§ Provided information

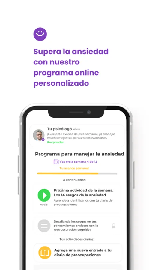 Descarga esta app y comienza un proceso terapéutico basado en terapia cognitivo-conductual de manera gratuita para superar tu ansiedad. Recibe acompañamiento de psicólogos profesionales. Accede a herramientas basadas en ciencia para mejorar tu salud mental. Haz seguimiento de tu mejora, practica mindfulness, aprende a manejar tus pensamientos y emociones y mucho más.
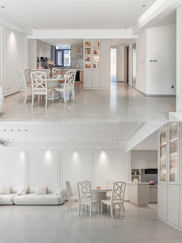 客餐廳是豎廳一體設(shè)計,玄關(guān)用轉(zhuǎn)角柜代替了廚房隔墻,開放式廚房,讓空間更加通透與明亮,
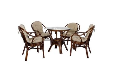 Комплект обеденный из ротанга Luxor Артикул: 004.037 Комплект обеденный из ротанга Luxor с подушками на стульях. Стол с круглой стеклянной столешницей. None Есть доставка.
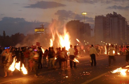 During the day, people drink liquor to celebrate the festival and take part in wrestling and bullfighting activities. In Wuding and Luquan Counties, the Yi also have activities such as archery, horse racing and swinging . At night, everyone lights a torch that is 2 meters long and 20-30 cm in diameter, which are made of dry pine sticks. Holding the torch high, they gather in front of their villages or near the village square. Then, they run in the pine forests and on the farmland to drive away insects and evil spirits, and pray for a good harvest.
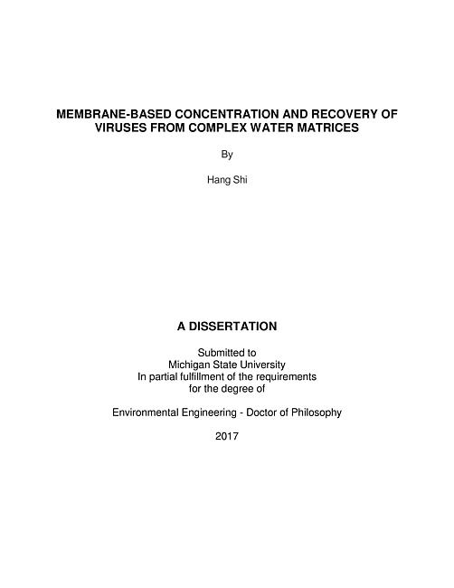 "Prevention of waterborne disease outbreaks relies on the efficient detection of pathogens in drinking and recreational water. Development of sample concentration technologies that ensure fast and high recovery of pathogens from aquatic samples is crucial for timely detection. The most effective approaches to sample concentration and virus recovery employ membrane filtration and rely on controlling physicochemical interactions between the virus and the filter. The two main goals of the present work were to understand the reasons for the poor efficiency (typically below 30%) of the current methods in recovering human adenovirus and to propose alternative strategies that facilitate concentration and recovery of this important human virus. The first part of the dissertation is devoted to the study on how common methods of virus propagation (broth-based and agar-based) and purification (polyethylene glycol precipitation, centrifugal diafiltration and CsCl density gradient centrifugation) affect physicochemical properties of virions. Experimental data for bacteriophage MS2 showed that results of virus size, charge, and hydrophobicity measurements depend strongly on the methods and protocols used to grow and purify the virus. The optimal sample preparation protocol was determined to consist of broth-based growth followed by purification via CsCl density gradient centrifugation. This method was then used to measure physicochemical properties of human adenovirus 40 (HAdV40) and employ these values to calculate the energy of virion-virion and virion-membrane interactions. The second part of the dissertation describes an experimental study on the recovery of HAdV40 from three water matrices (spiked deionized water, tap water, and high organic content surface water) by crossflow ultrafiltration. Prior to ultrafiltration, membranes were either blocked by calf serum or coated with a polyelectrolyte multilayer to minimize virus adsorption on the membrane surface. The multilayer was designed to be antiadhesive with respect to HAdV 40 using the virus-membrane interaction energy calculations performed earlier. In the sample concentration tests, HAdV 40 was recovered from ultrapure water, tap water, and surface water with very high post-elution recoveries of 990303%, 910303%, and 840303%, respectively. The obtained recovery data were interpreted in terms of physicochemical interactions of HAdV40 virions with the membrane and how components of the eluent disrupt specific interactions between HAdV40 and the membrane to maximize HAdV40 recovery. Results on HAdV40 concentration indicate that the composition of the eluent is the most important factor for achieving high virus recovery and can be designed to efficiently recover viruses even from highly complex water matrices."--Pages ii-iii.
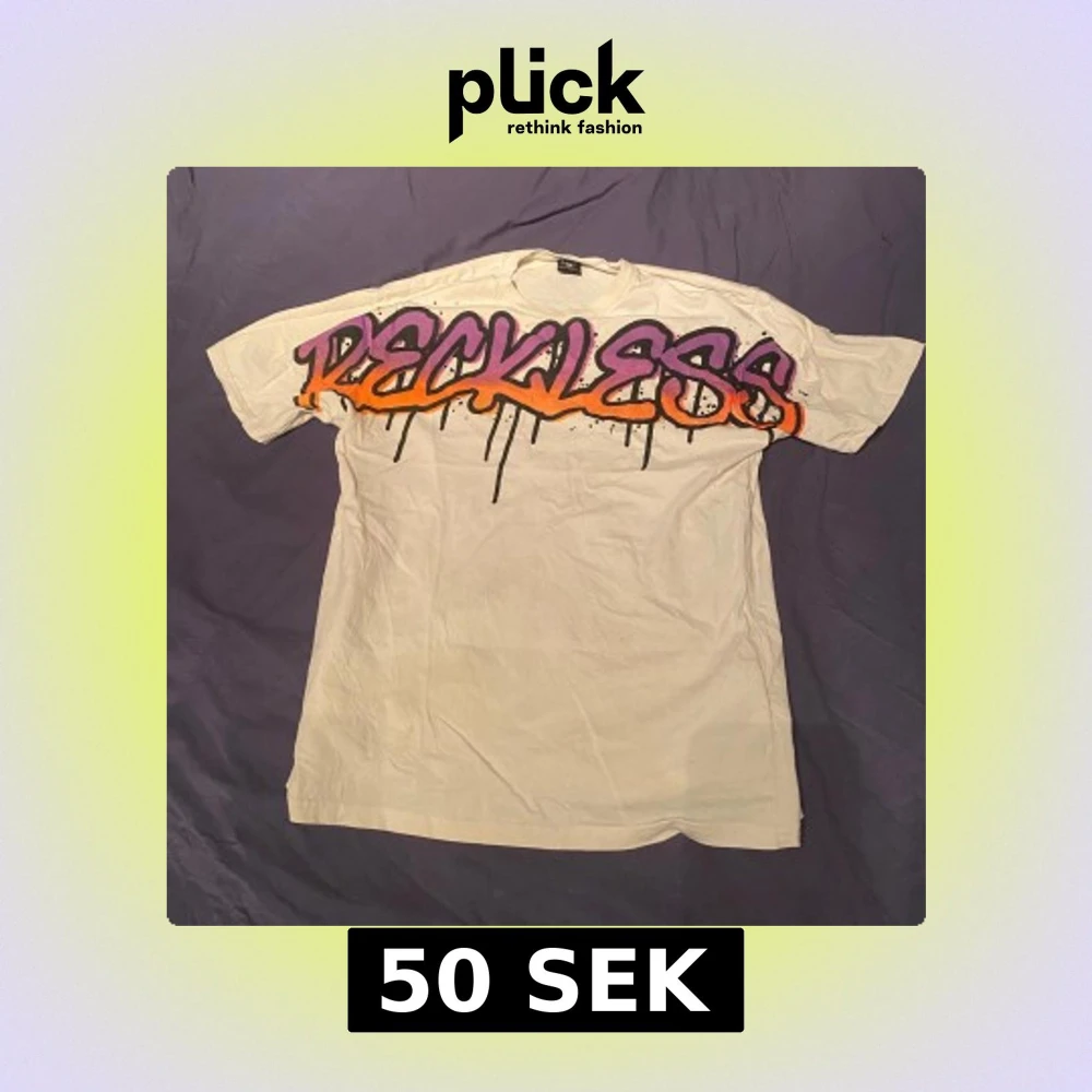 Vit t-shirt från FSBN med stort graffiti-inspirerat tryck i lila, orange och svart där det står 'RECKLESS' över bröstet. Modellen är relaxed fit och har korta ärmar. Perfekt för en streetwear-look.
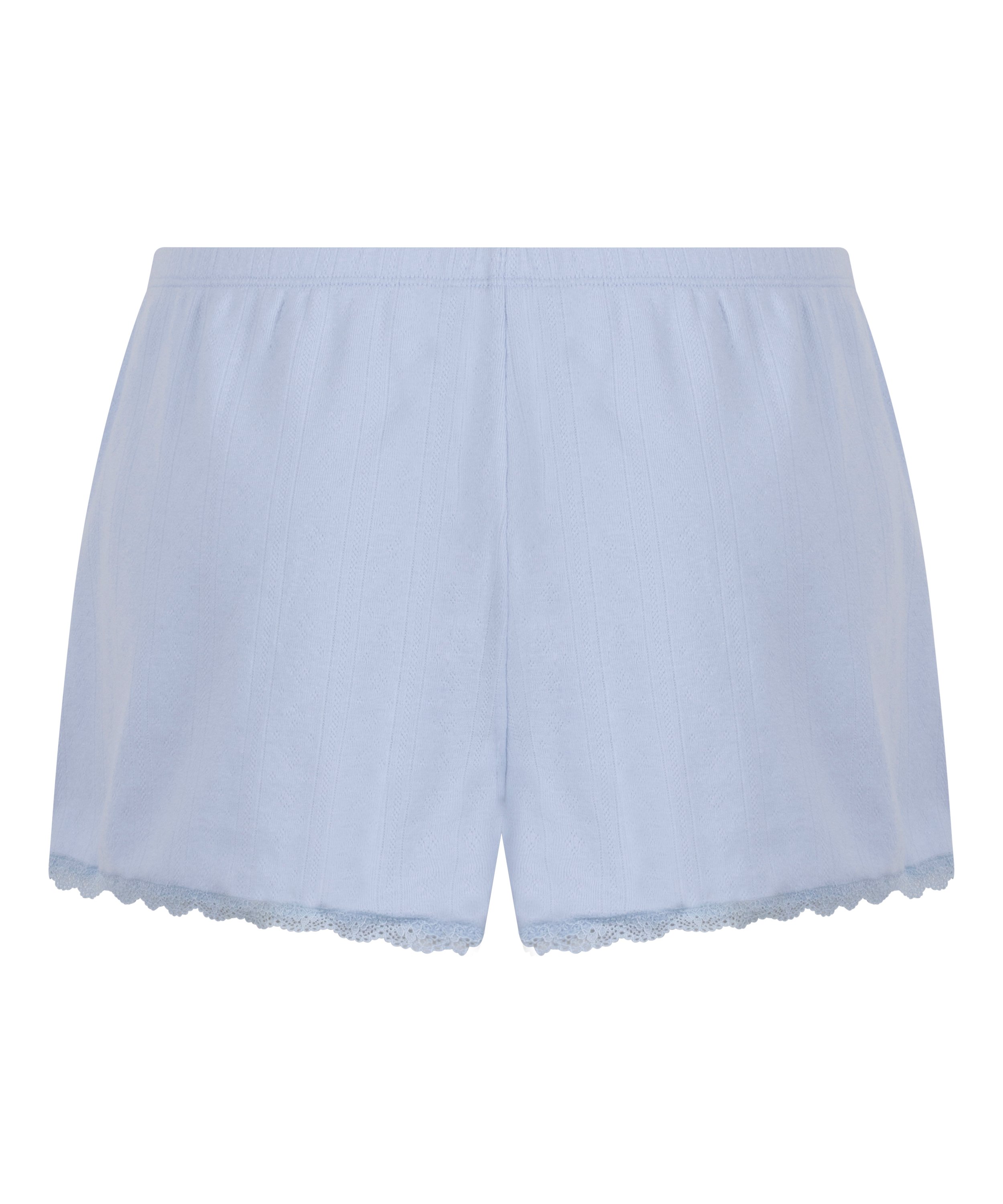 Disfruta de la comodidad con todo el estilo con nuestro short. Este short está confeccionado en suave tejido pointelle y presenta un patrón texturizado que aporta un toque a tu ropa de estar en casa. Los detalles de encaje realzan la prenda, mientras la cintura elástica garantiza un ajuste seguro y cómodo.
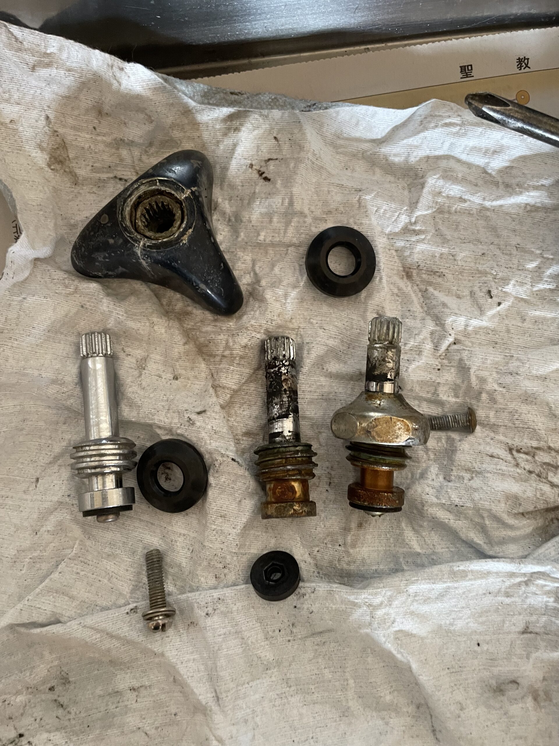 お湯側スピンドル、ハンドル交換 水側コマパッキン、ハンドル交換
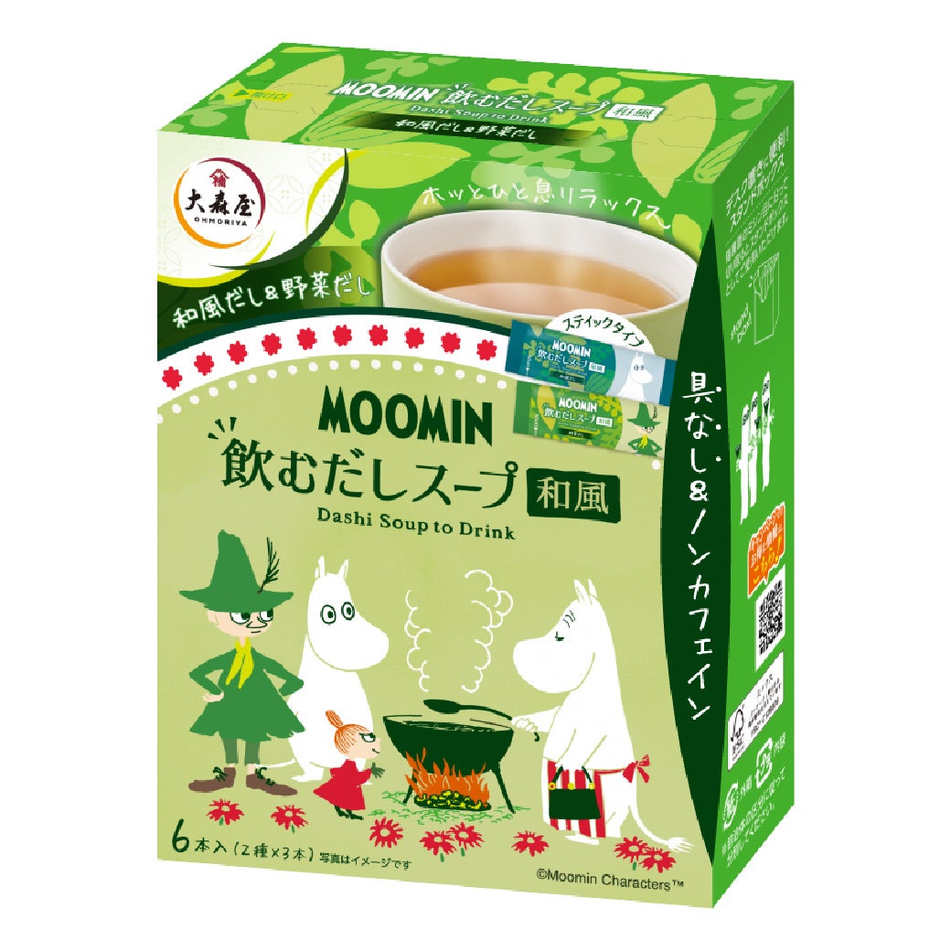 ※具なしでサラッと飲めるだしスープです。商品は和風(和風だし・野菜だし)と洋風(オニオン・ビーフコンソメ)の2種類。仕事の合間にホッとリラックス!ムーミンコラボの可愛らしいパッケージも魅力です。

§ Task objective
With the pictures left aside, write out all of the records above exactly.

§ Answer area
 Descarga esta app y comienza un proceso terapéutico basado en terapia cognitivo-conductual de manera gratuita para superar tu ansiedad. Recibe acompañamiento de psicólogos profesionales. Accede a herramientas basadas en ciencia para mejorar tu salud mental. Haz seguimiento de tu mejora, practica mindfulness, aprende a manejar tus pensamientos y emociones y mucho más.
 客餐廳是豎廳一體設(shè)計,玄關(guān)用轉(zhuǎn)角柜代替了廚房隔墻,開放式廚房,讓空間更加通透與明亮,
 Комплект обеденный из ротанга Luxor Артикул: 004.037 Комплект обеденный из ротанга Luxor с подушками на стульях. Стол с круглой стеклянной столешницей. None Есть доставка.
 During the day, people drink liquor to celebrate the festival and take part in wrestling and bullfighting activities. In Wuding and Luquan Counties, the Yi also have activities such as archery, horse racing and swinging . At night, everyone lights a torch that is 2 meters long and 20-30 cm in diameter, which are made of dry pine sticks. Holding the torch high, they gather in front of their villages or near the village square. Then, they run in the pine forests and on the farmland to drive away insects and evil spirits, and pray for a good harvest.
 "Prevention of waterborne disease outbreaks relies on the efficient detection of pathogens in drinking and recreational water. Development of sample concentration technologies that ensure fast and high recovery of pathogens from aquatic samples is crucial for timely detection. The most effective approaches to sample concentration and virus recovery employ membrane filtration and rely on controlling physicochemical interactions between the virus and the filter. The two main goals of the present work were to understand the reasons for the poor efficiency (typically below 30%) of the current methods in recovering human adenovirus and to propose alternative strategies that facilitate concentration and recovery of this important human virus. The first part of the dissertation is devoted to the study on how common methods of virus propagation (broth-based and agar-based) and purification (polyethylene glycol precipitation, centrifugal diafiltration and CsCl density gradient centrifugation) affect physicochemical properties of virions. Experimental data for bacteriophage MS2 showed that results of virus size, charge, and hydrophobicity measurements depend strongly on the methods and protocols used to grow and purify the virus. The optimal sample preparation protocol was determined to consist of broth-based growth followed by purification via CsCl density gradient centrifugation. This method was then used to measure physicochemical properties of human adenovirus 40 (HAdV40) and employ these values to calculate the energy of virion-virion and virion-membrane interactions. The second part of the dissertation describes an experimental study on the recovery of HAdV40 from three water matrices (spiked deionized water, tap water, and high organic content surface water) by crossflow ultrafiltration. Prior to ultrafiltration, membranes were either blocked by calf serum or coated with a polyelectrolyte multilayer to minimize virus adsorption on the membrane surface. The multilayer was designed to be antiadhesive with respect to HAdV 40 using the virus-membrane interaction energy calculations performed earlier. In the sample concentration tests, HAdV 40 was recovered from ultrapure water, tap water, and surface water with very high post-elution recoveries of 990303%, 910303%, and 840303%, respectively. The obtained recovery data were interpreted in terms of physicochemical interactions of HAdV40 virions with the membrane and how components of the eluent disrupt specific interactions between HAdV40 and the membrane to maximize HAdV40 recovery. Results on HAdV40 concentration indicate that the composition of the eluent is the most important factor for achieving high virus recovery and can be designed to efficiently recover viruses even from highly complex water matrices."--Pages ii-iii.
 Vit t-shirt från FSBN med stort graffiti-inspirerat tryck i lila, orange och svart där det står 'RECKLESS' över bröstet. Modellen är relaxed fit och har korta ärmar. Perfekt för en streetwear-look.
 Disfruta de la comodidad con todo el estilo con nuestro short. Este short está confeccionado en suave tejido pointelle y presenta un patrón texturizado que aporta un toque a tu ropa de estar en casa. Los detalles de encaje realzan la prenda, mientras la cintura elástica garantiza un ajuste seguro y cómodo.
 お湯側スピンドル、ハンドル交換 水側コマパッキン、ハンドル交換
 ※具なしでサラッと飲めるだしスープです。商品は和風(和風だし・野菜だし)と洋風(オニオン・ビーフコンソメ)の2種類。仕事の合間にホッとリラックス!ムーミンコラボの可愛らしいパッケージも魅力です。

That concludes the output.